### Work instruction
Return every line below as is, leaving out the pictures.

### Dataset content
---------------
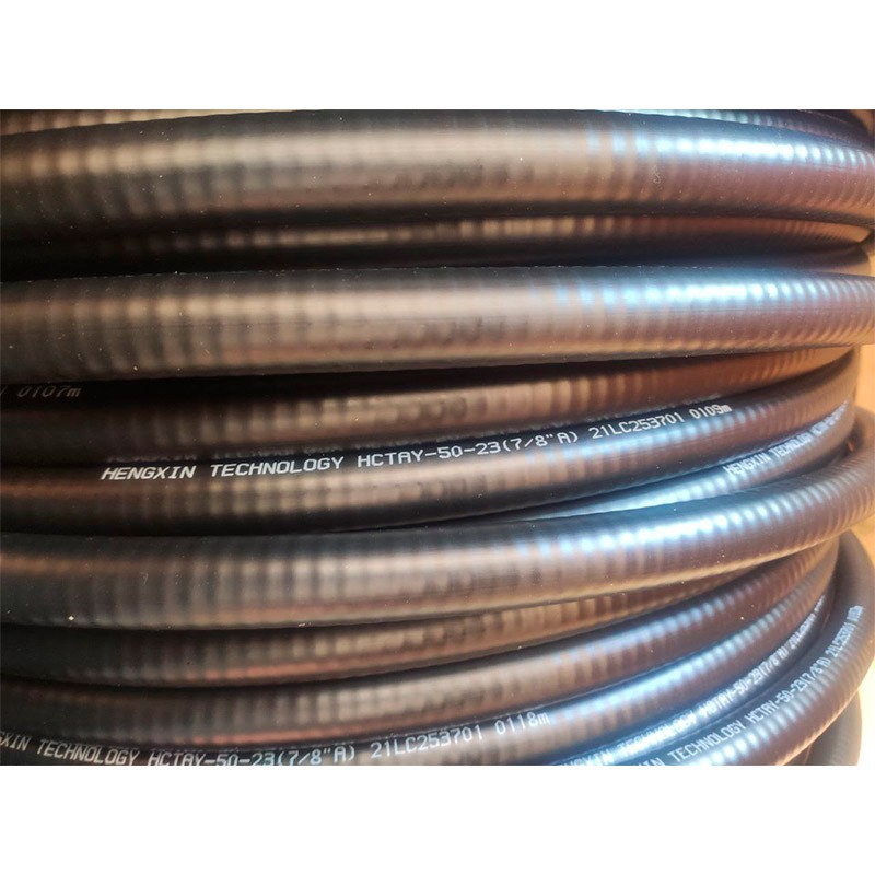 - Наружная оболочка выполнена из полиэтилена черного цвета, общий диаметр кабеля — 27,8 мм. Также в продаже доступна версия HCTAYZ-50-23 с негорючей безгалогенной оболочкой.
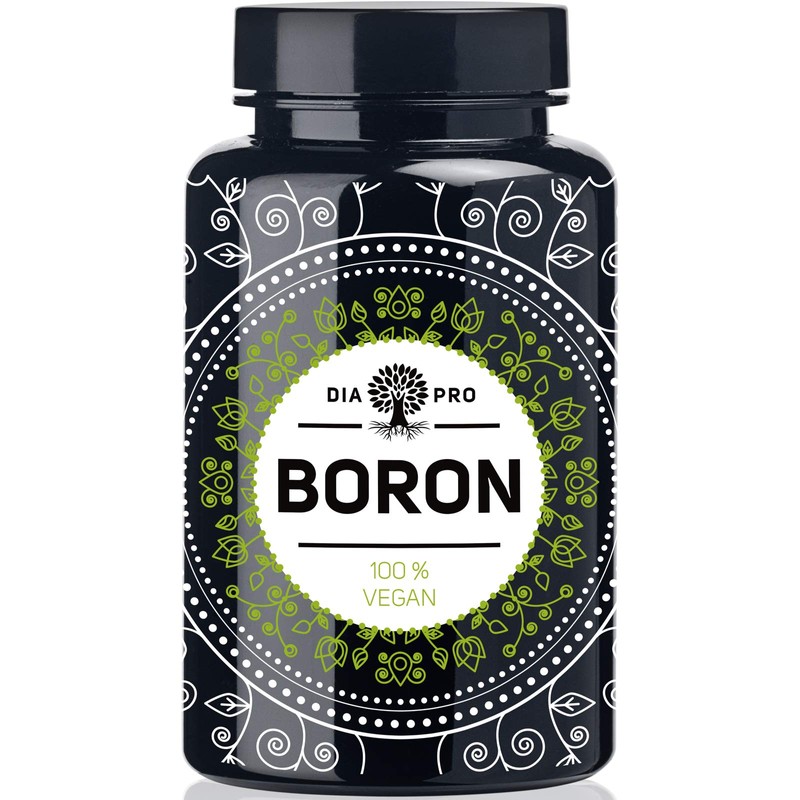 - Contents: A packaging unit of DiaPro Boron high dose contains 365 vegan tablets, each with 3 milligrams of boron made of sodium borate. With a daily dose of one tablet, the amount of 365 tablets is sufficient for a whole year. As a pressing agents, high-quality vegetable cellulose is used. Thus the dietary supplement DiaPro Boron 3 mg is highly dosed as a product for vegetarians and vegans.
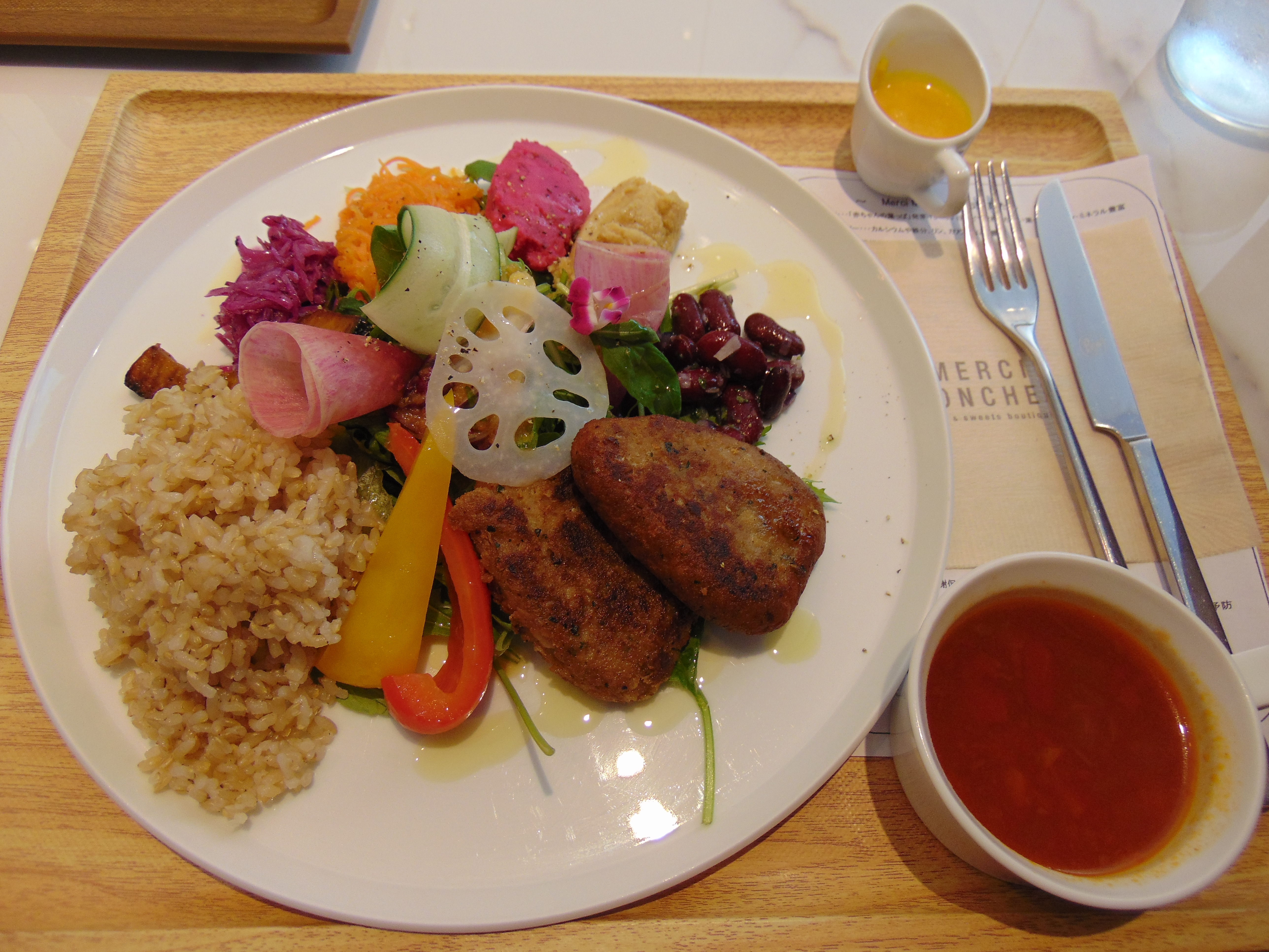 When we arrived we went for a late lunch at Merci Moncher, located in a shopping centre near the station. Nothing was labelled vegan here, but from the list of ingredients and allergens we deduced that the falafel plate should be fine. And “fine” is what it was: not spectacular, no amazing flavours, just a solid plate of food to sustain us for the afternoon.
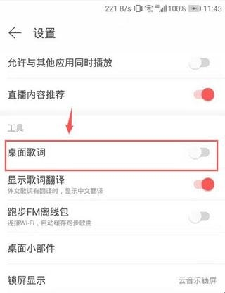 4、点击开启桌面歌词,页面出现一个设置提醒,需要开启网易云音乐悬浮窗权限,点击设置。
---------------
### Response
 - Наружная оболочка выполнена из полиэтилена черного цвета, общий диаметр кабеля — 27,8 мм. Также в продаже доступна версия HCTAYZ-50-23 с негорючей безгалогенной оболочкой.
 - Contents: A packaging unit of DiaPro Boron high dose contains 365 vegan tablets, each with 3 milligrams of boron made of sodium borate. With a daily dose of one tablet, the amount of 365 tablets is sufficient for a whole year. As a pressing agents, high-quality vegetable cellulose is used. Thus the dietary supplement DiaPro Boron 3 mg is highly dosed as a product for vegetarians and vegans.
 When we arrived we went for a late lunch at Merci Moncher, located in a shopping centre near the station. Nothing was labelled vegan here, but from the list of ingredients and allergens we deduced that the falafel plate should be fine. And “fine” is what it was: not spectacular, no amazing flavours, just a solid plate of food to sustain us for the afternoon.
 4、点击开启桌面歌词,页面出现一个设置提醒,需要开启网易云音乐悬浮窗权限,点击设置。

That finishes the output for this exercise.